┌─ INPUT MATERIAL
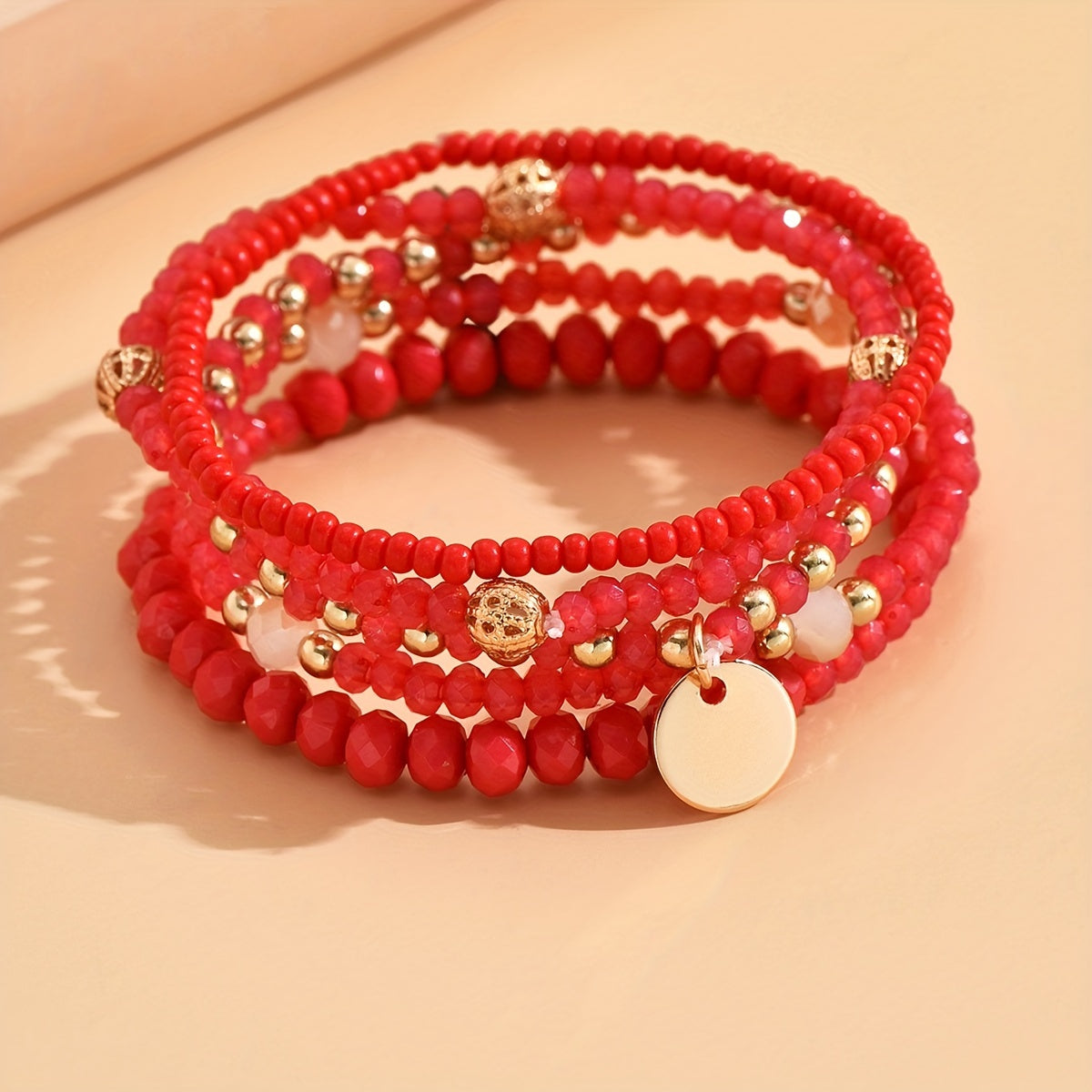 Set of Five Minimalist Round Pendant Bead Bracelets
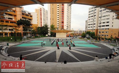 组屋制度是新加坡中产阶层得以壮大的重要保障。图为晨练中的组屋区居民。(资料图片)
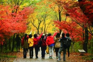 目前正是各種紅葉樹種集中變紅的階段,是最好看的時候。紅楓、楓香、黃連木、櫸樹、鹽膚木、烏桕、山胡椒、爬山虎、美國紅櫟、北美楓香、羽毛楓、赤楓、葡萄楓、香草楓、黃櫨、三角楓以及部分的雞爪槭等眾多紅葉品種集中向游客展示著最艷麗的“楓情”。橙紅、猩紅、粉紅、大紅、紫紅……一次性就能看到多種紅的色度。
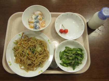 ランチルーム給食のスペシャルデザートは、今が旬の『さくらんぼ』です。
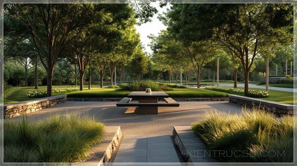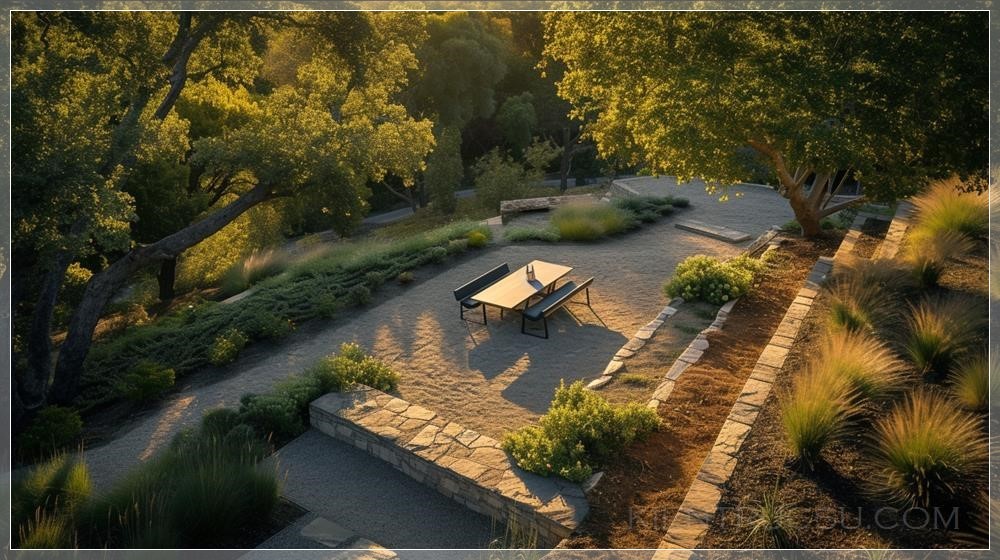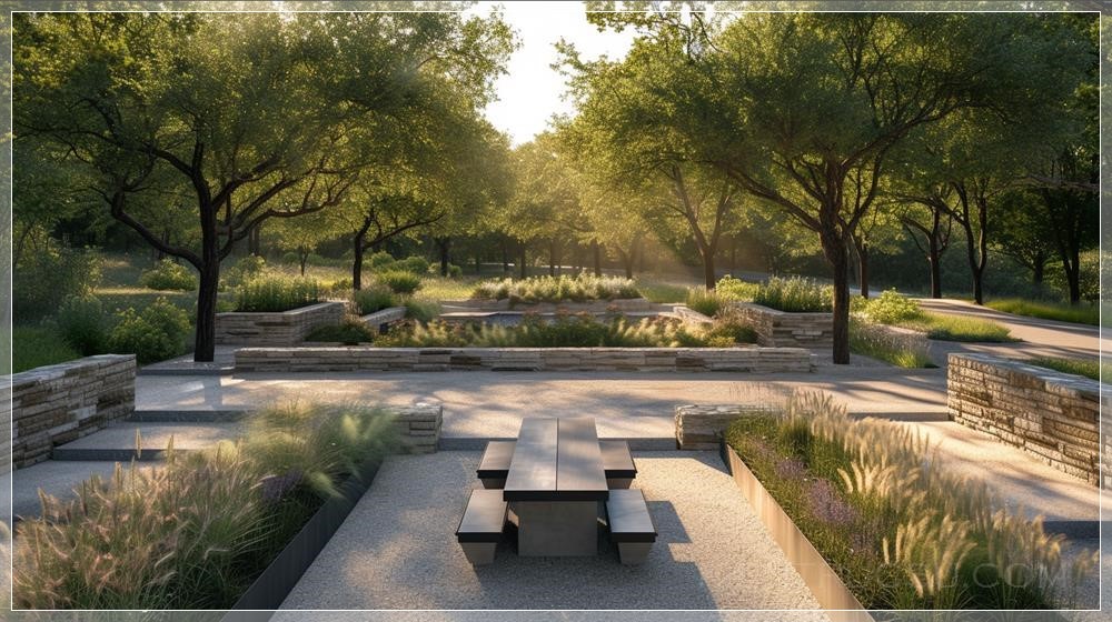 Large luxury community park centered around a bespoke dining table surrounded by trees. Use a Sony a7R IV camera with a 35mm lens shot a f5.6. High angle, low stone walls, idyllic, native grasses, golden hour, symmetrical, hyper-realistic, dark gray and green --ar 16:9 --v 6.0
└─
Verbatim copy, images excluded: transcribe all the entries above.

 Set of Five Minimalist Round Pendant Bead Bracelets
 组屋制度是新加坡中产阶层得以壮大的重要保障。图为晨练中的组屋区居民。(资料图片)
 目前正是各種紅葉樹種集中變紅的階段,是最好看的時候。紅楓、楓香、黃連木、櫸樹、鹽膚木、烏桕、山胡椒、爬山虎、美國紅櫟、北美楓香、羽毛楓、赤楓、葡萄楓、香草楓、黃櫨、三角楓以及部分的雞爪槭等眾多紅葉品種集中向游客展示著最艷麗的“楓情”。橙紅、猩紅、粉紅、大紅、紫紅……一次性就能看到多種紅的色度。
 ランチルーム給食のスペシャルデザートは、今が旬の『さくらんぼ』です。
 Large luxury community park centered around a bespoke dining table surrounded by trees. Use a Sony a7R IV camera with a 35mm lens shot a f5.6. High angle, low stone walls, idyllic, native grasses, golden hour, symmetrical, hyper-realistic, dark gray and green --ar 16:9 --v 6.0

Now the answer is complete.